Material provided:
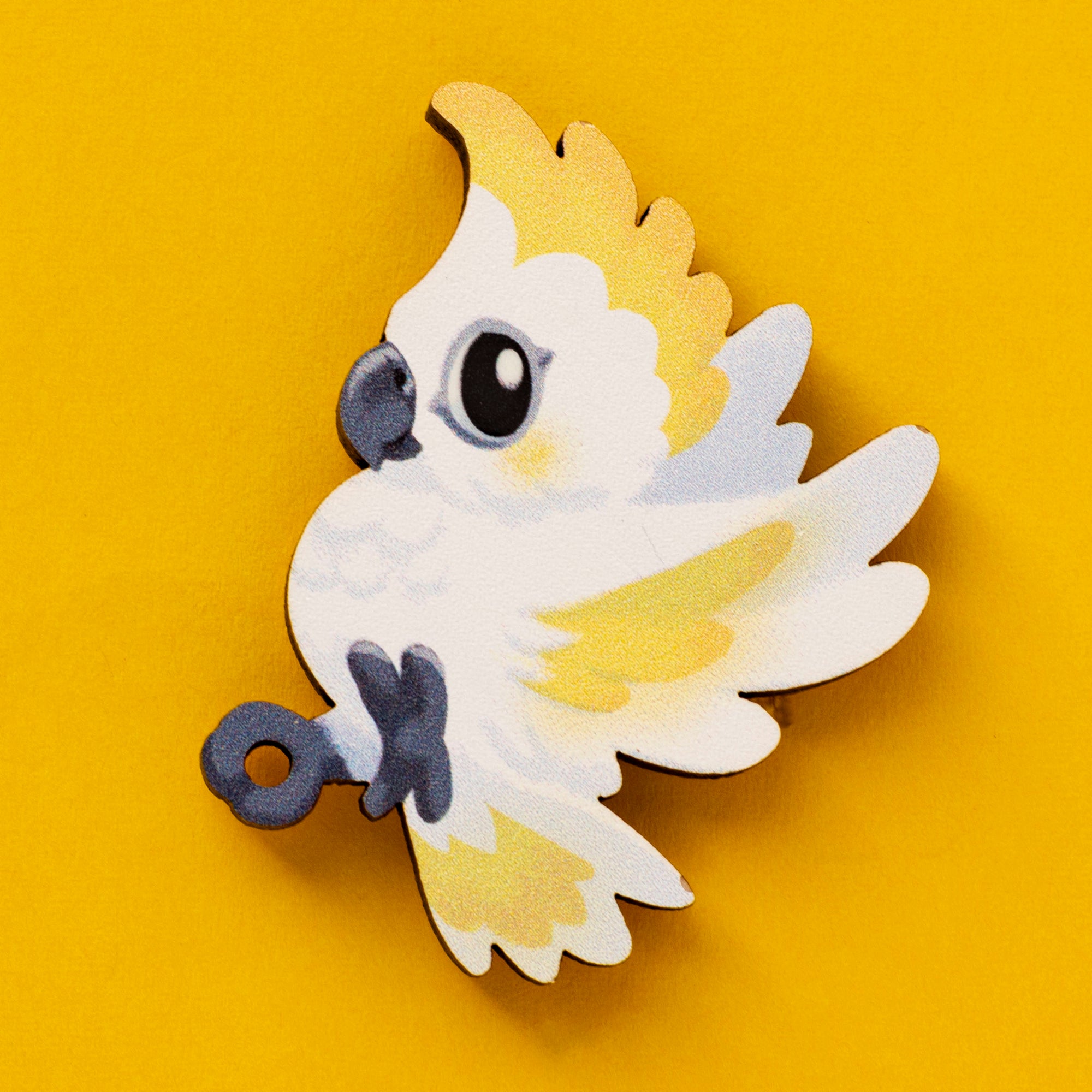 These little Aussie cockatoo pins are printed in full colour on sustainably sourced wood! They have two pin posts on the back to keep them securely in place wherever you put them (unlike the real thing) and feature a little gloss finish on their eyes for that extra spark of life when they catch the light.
* * *
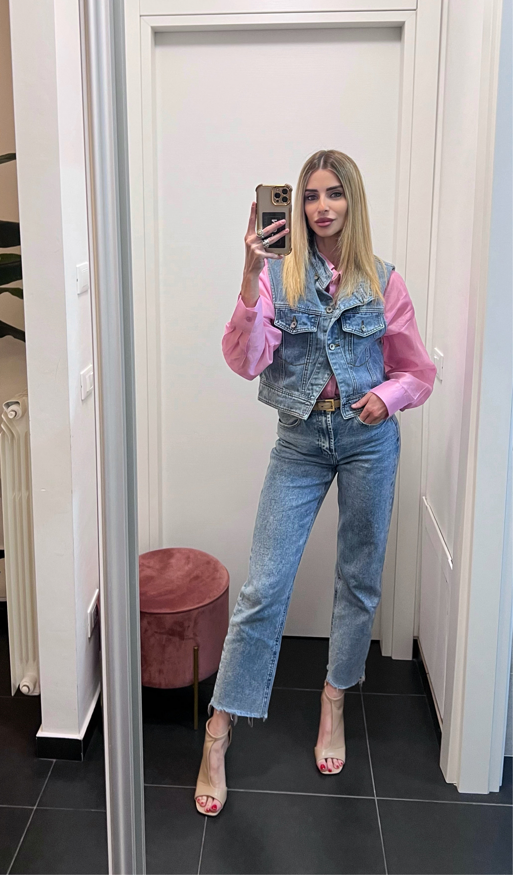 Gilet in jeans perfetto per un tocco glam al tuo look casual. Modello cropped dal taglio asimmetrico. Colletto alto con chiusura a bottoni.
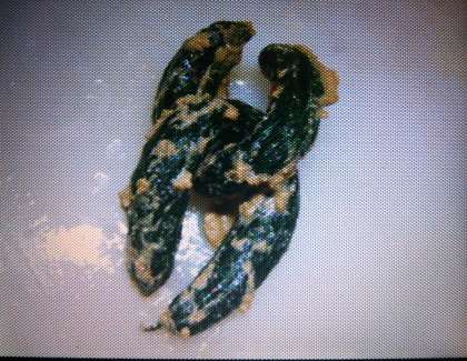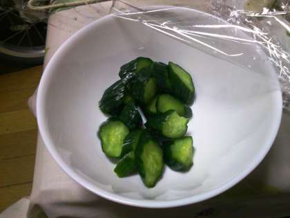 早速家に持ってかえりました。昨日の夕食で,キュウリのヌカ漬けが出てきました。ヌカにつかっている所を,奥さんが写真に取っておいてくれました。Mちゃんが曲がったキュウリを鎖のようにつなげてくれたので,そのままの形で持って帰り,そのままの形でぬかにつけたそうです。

Exercise instructions: For this exercise, return exactly the lines above from the line with "Gilet in jeans" through the line with "早速家に持ってかえりました。", both included. Do not copy the pictures.

Result:
 Gilet in jeans perfetto per un tocco glam al tuo look casual. Modello cropped dal taglio asimmetrico. Colletto alto con chiusura a bottoni.
 早速家に持ってかえりました。昨日の夕食で,キュウリのヌカ漬けが出てきました。ヌカにつかっている所を,奥さんが写真に取っておいてくれました。Mちゃんが曲がったキュウリを鎖のようにつなげてくれたので,そのままの形で持って帰り,そのままの形でぬかにつけたそうです。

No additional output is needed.